The rest of the paper is organized as follows. Section 2 provides PDES background of the key PDES features relevant to this study. Section 3 describes our evaluation methodology and tools used for evaluating performance, area and latency. Section 4 presents the results of our experiments and provides discussion of these results. Section 5 describes the related work and we conclude in Section 6.
PDES BACKGROUND
In Discrete Event Simulation (DES), a model consists of a set of simulation objects with associated state [8, 20, 34] . For example, in a logic simulation, the objects may be the different gates in the model. The simulation begins with a number of scheduled events. For example, the initial list of scheduled events may be a set of test vectors presented at specified times to the inputs of the circuit. Events (containing timestamps that denote when the event is to take effect) are ordered by simulation time in a pending event queue. Simulation proceeds by processing the event with the earliest timestamp, which can cause changes in the simulation state (e.g., by changing the state of a gate) and schedule one or more future events (e.g., changing the value at the input of gates connected to the gates whose output logic level changed). Simulation time then advances to the timestamp of the next pending event. Simulation terminates when there are no more events or when a predetermined simulation state is reached. Parallel Discrete Event Simulation (PDES) leverages parallel processing to accelerate the performance and capacity of DES [11] . The simulation model is partitioned across multiple simulation processes (called Logical Processes, or LPs). Each LP maintains a local pending event queue and carries out simulation as described above, repeatedly processing the earliest time stamp event. A locally processed event may generate events to remote LPs (that is, affecting state changes of an object managed by a remote LP). Thus, LPs communicate by exchanging time-stamped event messages [3, 9, 23, 28] . Correct simulation requires that all events be processed in their causal order such that parallel execution produces simulation results that are consistent with serial execution. Therefore, a synchronization model is needed to ensure that remote events are processed in their proper causal order.

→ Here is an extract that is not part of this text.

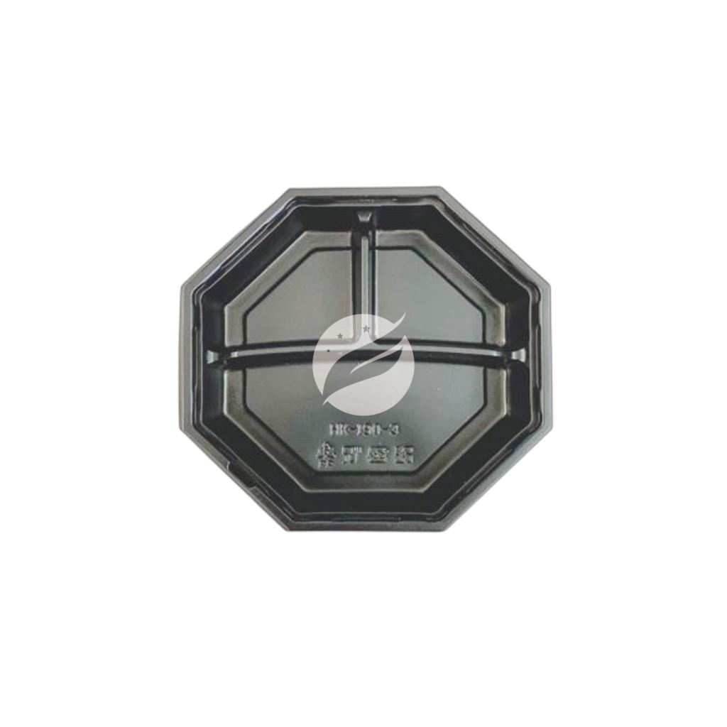 【190-3正八角三格餐盒+透明蓋】HK190-3 PP黑色底盒 OPS透明蓋 300組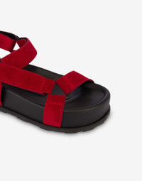 THE RESORT 2026 COLLECTION FEATURES SPORTY SUEDE SANDALS WITH GROSGRAIN JACQUARD LOGO STRAP, CALF-LINED FLATFORM BOTTOM, AND RUBBER TREAD. PRODUCT DETAILS - LOGO EMBROIDERY ON THE BACK - STRAPS WITH HOOK-AND-LOOP CLOSURE - RUBBER SOLE UPPER: 100% CALFSKIN - BOTTOM: 100% RUBBER - LINING: 50% GOATSKIN, 50% SHEEPSKIN SKU: POLMA16254I1OME0504

Optimistically synchronized PDES simulators (that we consider in this study) do not enforce causality during event processing. When an event is received with an earlier processing time than the current simulation time, a causality error is detected [18] . The error is recovered from by rolling back the simulation to an earlier state and canceling event messages that were sent prematurely. Optimistic synchronization potentially hides the latency of communication by allowing LPs to process speculatively instead of waiting for events. However, optimism can lead to a number of problems as the speculative computation can generate premature events that later prove to be erroneous, leading to cascading (propagating) rollbacks [11] .
PDES is historically difficult to parallelize: it is a fine grained application with frequent communication and complex dynamic dependency patterns. These characteristics can limit the ability of a parallel simulator to exploit the naturally available parallelism in models. Event processing is typically of low computational complexity, as each event updates the state of an object and possibly schedules future events. Thus, significant communication occurs as events are generated to other objects. The amount of communication across cores depends on the locality of event messages. If event messages are frequently exchanged with remote LPs, significant communication occurs, placing substantial pressure on the memory subsystem of a multi-core processor. In the PHOLD benchmark that we use for this study, the amount of remote communication can be explicitly controlled. Additionally, as the degree of parallelism increases, contention for the use of the shared queues starts to play an important role.
EVALUATION METHODOLOGY
A number of tools and simulators were used in this study. Our modelling framework is summarized in Figure 1 .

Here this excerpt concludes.